Sunday, April 14, 2019

Walking the Way: Homily for Palm/Passion Sunday


Wow.

It’s not often you get such a wide swing of emotion in one Sunday’s readings. I want you to think about it: at the start of this service, we were rejoicing and shouting Hosanna and hailing Jesus as our king. It was easy to imagine ourselves to be walking in the way of Jesus. Twenty minutes later, we are shouting, “Crucify him!”

That’s right—“We” are shouting those things.

The immediacy of scripture is that we imagine ourselves within the stories, as one does with all great literature, whether fictional or non-fictional.

But there’s a danger in that, too.
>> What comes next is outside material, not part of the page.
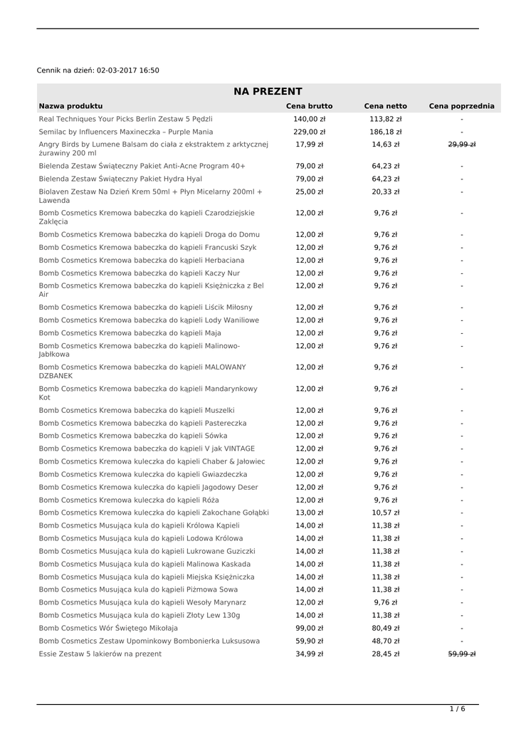Cennik na dzień: 02-03-2017 16:50 NA PREZENT Nazwa produktu Cena brutto Cena netto Cena poprzednia Real Techniques Your Picks Berlin Zestaw 5 Pędzli 140,00 zł 113,82 zł - Semilac by Influencers Maxineczka – Purple Mania 229,00 zł 186,18 zł - Angry Birds by Lumene Balsam do ciała z ekstraktem z arktycznej żurawiny 200 ml 17,99 zł 14,63 zł 29,99 zł Bielenda Zestaw Świąteczny Pakiet Anti-Acne Program 40+ 79,00 zł 64,23 zł - Bielenda Zestaw Świąteczny Pakiet Hydra Hyal 79,00 zł 64,23 zł - Biolaven Zestaw Na Dzień Krem 50ml + Płyn Micelarny 200ml + Lawenda 25,00 zł 20,33 zł - Bomb Cosmetics Kremowa babeczka do kąpieli Czarodziejskie Zaklęcia 12,00 zł 9,76 zł - Bomb Cosmetics Kremowa babeczka do kąpieli Droga do Domu 12,00 zł 9,76 zł - Bomb Cosmetics Kremowa babeczka do kąpieli Francuski Szyk 12,00 zł 9,76 zł - Bomb Cosmetics Kremowa babeczka do kąpieli Herbaciana 12,00 zł 9,76 zł - Bomb Cosmetics Kremowa babeczka do kąpieli Kaczy Nur 12,00 zł 9,76 zł - Bomb Cosmetics Kremowa babeczka do kąpieli Księżniczka z Bel Air 12,00 zł 9,76 zł - Bomb Cosmetics Kremowa babeczka do kąpieli Liścik Miłosny 12,00 zł 9,76 zł - Bomb Cosmetics Kremowa babeczka do kąpieli Lody Waniliowe 12,00 zł 9,76 zł - Bomb Cosmetics Kremowa babeczka do kąpieli Maja 12,00 zł 9,76 zł - Bomb Cosmetics Kremowa babeczka do kąpieli MalinowoJabłkowa 12,00 zł 9,76 zł - Bomb Cosmetics Kremowa babeczka do kąpieli MALOWANY DZBANEK 12,00 zł 9,76 zł - Bomb Cosmetics Kremowa babeczka do kąpieli Mandarynkowy Kot 12,00 zł 9,76 zł - Bomb Cosmetics Kremowa babeczka do kąpieli Muszelki 12,00 zł 9,76 zł - Bomb Cosmetics Kremowa babeczka do kąpieli Pastereczka 12,00 zł 9,76 zł - Bomb Cosmetics Kremowa babeczka do kąpieli Sówka 12,00 zł 9,76 zł - Bomb Cosmetics Kremowa babeczka do kąpieli V jak VINTAGE 12,00 zł 9,76 zł - Bomb Cosmetics Kremowa kuleczka do kąpieli Chaber & Jałowiec 12,00 zł 9,76 zł - Bomb Cosmetics Kremowa kuleczka do kąpieli Gwiazdeczka 12,00 zł 9,76 zł - Bomb Cosmetics Kremowa kuleczka do kąpieli Jagodowy Deser 12,00 zł 9,76 zł - Bomb Cosmetics Kremowa kuleczka do kąpieli Róża 12,00 zł 9,76 zł - Bomb Cosmetics Kremowa kuleczka do kąpieli Zakochane Gołąbki 13,00 zł 10,57 zł - Bomb Cosmetics Musująca kula do kąpieli Królowa Kąpieli 14,00 zł 11,38 zł - Bomb Cosmetics Musująca kula do kąpieli Lodowa Królowa 14,00 zł 11,38 zł - Bomb Cosmetics Musująca kula do kąpieli Lukrowane Guziczki 14,00 zł 11,38 zł - Bomb Cosmetics Musująca kula do kąpieli Malinowa Kaskada 14,00 zł 11,38 zł - Bomb Cosmetics Musująca kula do kąpieli Miejska Księżniczka 14,00 zł 11,38 zł - Bomb Cosmetics Musująca kula do kąpieli Piżmowa Sowa 14,00 zł 11,38 zł - Bomb Cosmetics Musująca kula do kąpieli Wesoły Marynarz 12,00 zł 9,76 zł - Bomb Cosmetics Musująca kula do kąpieli Złoty Lew 130g 14,00 zł 11,38 zł - Bomb Cosmetics Wór Świętego Mikołaja 99,00 zł 80,49 zł - Bomb Cosmetics Zestaw Upominkowy Bombonierka Luksusowa 59,90 zł 48,70 zł - Essie Zestaw 5 lakierów na prezent 34,99 zł 28,45 zł 59,99 zł 1/6 Gillette Fusion Proshield Maszynka Najnowsza 39,99 zł 32,51 zł 59,99 zł Gillette Fusion Proshield ostrza 4 sztuki 54,99 zł 44,71 zł 59,99 zł Gillette Mach 3 Maszynka z 1 strzem 16,99 zł 13,81 zł - Gillette Mach 3 Wkłady 8 ostrzy 56,99 zł 46,33 zł 79,99 zł Gillette Mach 3 zestaw maszynka 1 up + 8 ostrzy 71,99 zł 58,53 zł 79,99 zł Gillette Venus Breeze Spa Maszynka + 2 Ostrza 43,99 zł 35,76 zł 59,99 zł HELLO KITTY Płyn / Żel do kąpieli 400ml 9,99 zł 8,12 zł - HELLO KITTY SZAMPON I ŻEL DO KĄPIELI 300ml 8,99 zł 7,31 zł - Holika Holika Hand Mask Sheet - Nawilżająca Maseczka do Rąk 15,49 zł 12,59 zł - Indigo Arôme 99 balsam do ciała 100 ml 22,00 zł 17,89 zł - Indigo Arôme 99 balsam do ciała 300 ml 34,00 zł 27,64 zł - Indigo diamentowa baza do paznokci 10 ml 16,00 zł 13,01 zł - Indigo Egoista Balsam do ciała 300 ml 34,00 zł 27,64 zł - Indigo Egoista balsam do ciała 100 ml 22,00 zł 17,89 zł - Indigo Femme Fatale Balsam do ciała 300 ml 34,00 zł 27,64 zł - Indigo Indigolicious balsam do ciała 100ml 22,00 zł 17,89 zł - Indigo Indigolicious Balsam do ciała 300 ml 34,00 zł 27,64 zł - Indigo Krem do Rąk Pop Sugar 30 ml 15,00 zł 12,20 zł - Indigo lakier do paznokci Bad Red 10 ml 16,00 zł 13,01 zł - Indigo lakier do paznokci Bloody Mary 10 ml 16,00 zł 13,01 zł - Indigo lakier do paznokci Blue Bamboo 10 ml 16,00 zł 13,01 zł - Indigo lakier do paznokci Ciao Bella 10 ml 16,00 zł 13,01 zł - Indigo lakier do paznokci Elegance 10 ml 16,00 zł 13,01 zł - Indigo lakier do paznokci Fly High 10 ml 16,00 zł 13,01 zł - Indigo lakier do paznokci I'm Indigo 10 ml 16,00 zł 13,01 zł - Indigo lakier do paznokci I'm The Boss 10 ml 16,00 zł 13,01 zł - Indigo lakier do paznokci Jungle Trip 10 ml 16,00 zł 13,01 zł - Indigo lakier do paznokci Kiwi 10 ml 16,00 zł 13,01 zł - Indigo lakier do paznokci Lemon Ice 10 ml 16,00 zł 13,01 zł - Indigo lakier do paznokci Mango 10 ml 16,00 zł 13,01 zł - Indigo lakier do paznokci Mint & Soda 10 ml 16,00 zł 13,01 zł - Indigo lakier do paznokci Peach Tulip 10 ml 16,00 zł 13,01 zł - Indigo lakier do paznokci Summer Mint 10 ml 16,00 zł 13,01 zł - Indigo Olejek Arganowy Arôme 99 100 ml 34,00 zł 27,64 zł - Indigo Olejek Arganowy Bling-Bling Seventh Heaven ze złotymi drobinkami 100 ml 34,00 zł 27,64 zł - Indigo Olejek Arganowy Indigolicious 100 ml 34,00 zł 27,64 zł - Indigo Olejek Arganowy Pop Sugar 100 ml 34,00 zł 27,64 zł - Indigo Olejek Arganowy Seventh Heaven 100 ml 34,00 zł 27,64 zł - Indigo Olejek Arganowy Sunset Beach 100 ml 34,00 zł 27,64 zł - Indigo oliwka do skórek zapach Arome 99 8 ml 9,99 zł 8,12 zł - Indigo oliwka do skórek zapach Bella Vita 8 ml 9,99 zł 8,12 zł - Indigo oliwka do skórek zapach Egoista 8 ml 9,99 zł 8,12 zł - Indigo oliwka do skórek zapach Femme Fatale 8 ml 9,99 zł 8,12 zł - Indigo o

If we forget the contexts in which our gospels were written, if we forget that each one of them was written for a specific audience that was very different from us, we run the risk of getting sideways in our understanding of what actually is going on. Worse, we commit the mistake of “anachronism,” in which we place our modern context as a bracket or even a straitjacket over scripture, and we end up once again trying to “tame” Jesus and “tame” the gospel to fit our own preferences and understandings.

As I wrote in my priest’s reflection in the Beacon this week, the liturgical decision to combine observation of the joyous Palm Sunday service with the pathos and despair of the Passion Narrative into one service stems partly from the suspicion that many worshipers might not hear the Passion narrative at all if it was not observed the week before Easter. There is an assumption that a sizeable proportion of Episcopalians do not attend Holy Week and in particular Good Friday services—and honestly, that might be true.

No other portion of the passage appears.